The hidden world can contain any of these relationship types:

| Rule | Formula | Shape |
|---|---|---|
| Linear | `y = a*x + b` | Straight line |
| Threshold | `y = high if x > t else low` | Step function |
| Inverse | `y = a / x` | Hyperbola |
| Quadratic | `y = a*x² + b*x + c` | Parabola |
| Exponential | `y = a * exp(k*x)` | Growth/decay |
| Logarithmic | `y = a * ln(x) + b` | Diminishing returns |
| Saturating | `y = Vmax * x / (Km + x)` | Plateau (Michaelis-Menten) |
| Piecewise-linear | Two slopes with a knot | Regime change |

Additionally, some effects may depend on **two parents** via interaction rules
(additive, multiplicative, min, max), and **hidden confounders** may inject
correlated noise the agent cannot explain.

## Reward Components

| Signal | Value | What it trains |
|---|---|---|
| Information gain | +0.05 to +0.25/step | Designing informative experiments |
| Redundant experiment | -0.10 | Not wasting budget |
| Hypothesis accuracy | 0.0 to +1.0 | Getting the right answer |
| Precision bonus | +0.10 | Quantitative, falsifiable claims |
| Calibration score | 0.0 to +0.20 | Knowing what you don't know |
| Efficiency bonus | +0.15 | Submitting early when confident |
| Contradiction penalty | -0.50 | Contradicting the experimental setup |

## Tasks (3 difficulty levels)

| Task | Noise | Variables | Budget | Domain | Key Challenge |
|---|---|---|---|---|---|
| Easy | 0.05 | 2 | 12 | system_alpha | Single-edge discovery |
| Medium | 0.20 | 3 | 10 | Random | Multi-edge, noisy signals |
| Hard | 0.50 | 4 | 8 | Random | Complex graph + interactions, tight budget |

Each task has a deterministic grader that returns a score in [0.0, 1.0].

## Design Decisions

**Abstract variable names:** Variables are named Alpha, Beta, Gamma (or V1, V2,
V3, etc.) rather than Temperature, Pressure, Volume.
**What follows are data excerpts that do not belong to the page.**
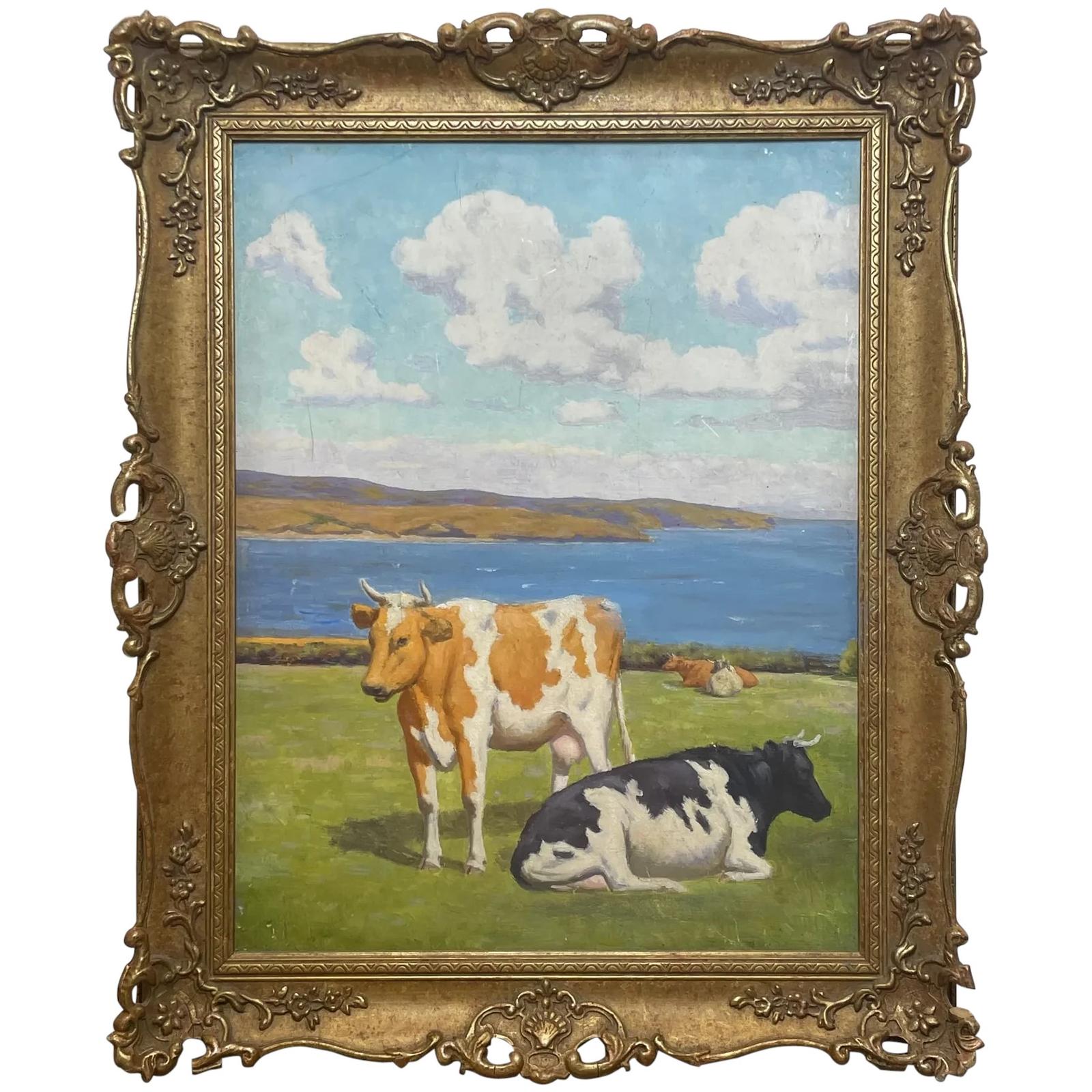 British Oil Painting Cattle by Coast by Ralph Todd RA 1891-1966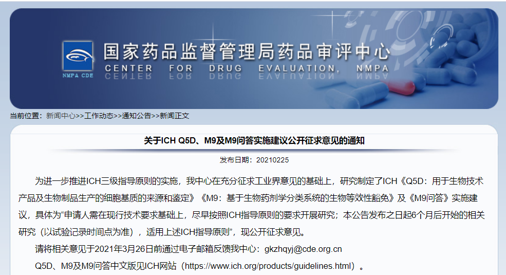 關(guān)于ICH Q5D、M9及M9問答實施建議公開征求意見的通知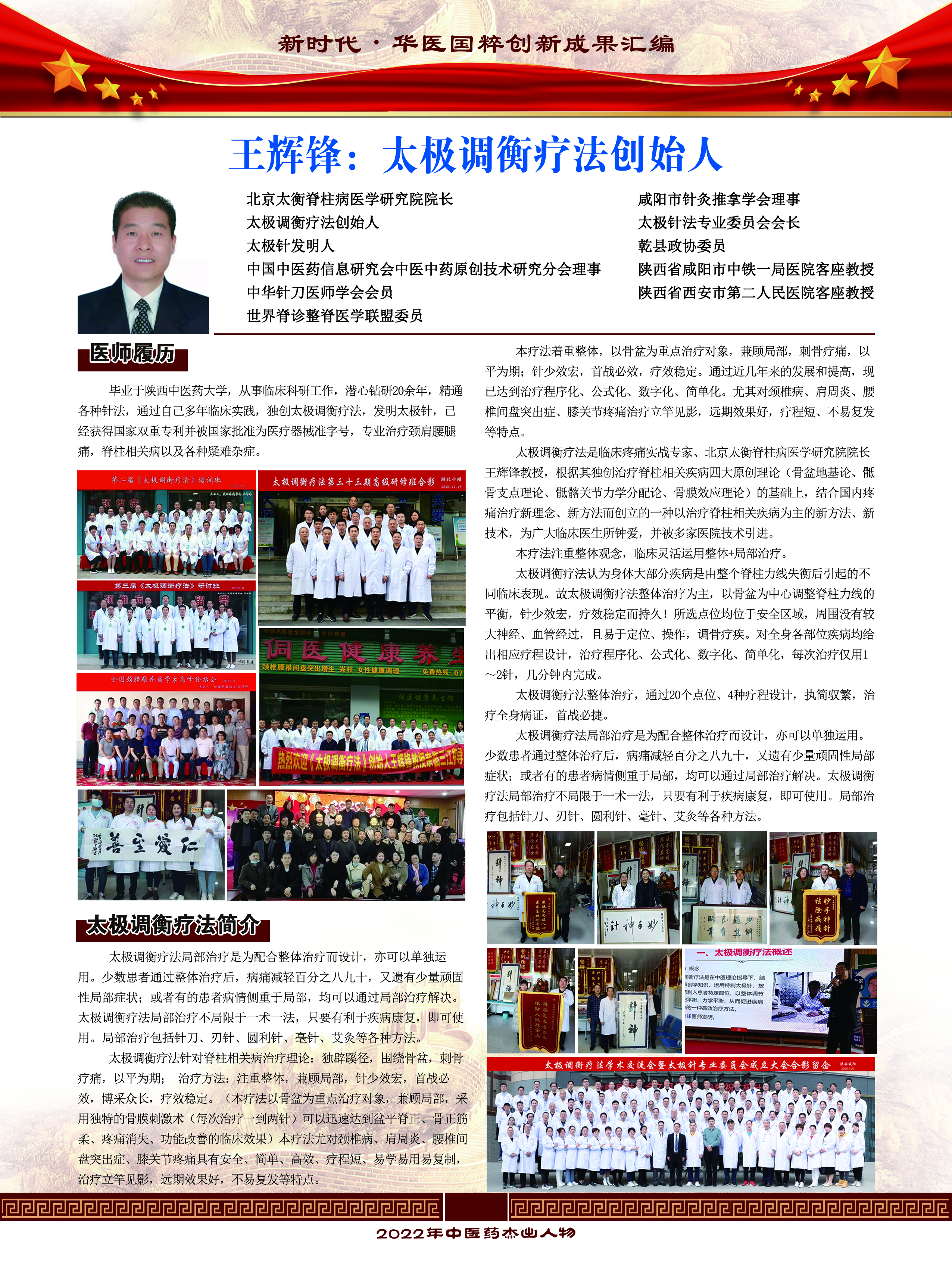 太极调衡疗法是临床疼痛实战专家、北京太衡脊柱病医学研究院王辉锋院长独创,从事临床科研工作,潜心钻研20余年,精通各种针法,通过自己多年临床实践,独创太极调衡疗法,发明太极针,已经获得国家双重专利并被国家批准为二类医疗器械准字号,专业治疗颈肩腰腿痛,脊柱相关病以及各种疑难杂症

This prevents LLM agents
from using pretrained knowledge of real-world physics/economics/biology to
shortcut the reasoning process. The agent must reason purely from experimental
data.

**Diverse rule types:** With 8 single-parent types plus interaction rules, the
agent cannot memorize a small set of templates. Many rule types look similar in
narrow ranges (e.g. exponential ≈ linear for small x), forcing the agent to
design discriminating experiments.

## Deploy to HF Spaces

```bash
openenv push --org your-org --token $HF_TOKEN
```

## Run Tests

```bash
pytest tests/ -v
```

## Baseline Scores

Baseline agent (gpt-4o-mini, temperature=0.3):

| Task | Score |
|---|---|
| Easy | ~0.65 |
| Medium | ~0.40 |
| Hard | ~0.25 |
| Average | ~0.43 |

These scores are reproducible via `python baseline_inference.py` with the same model and seed.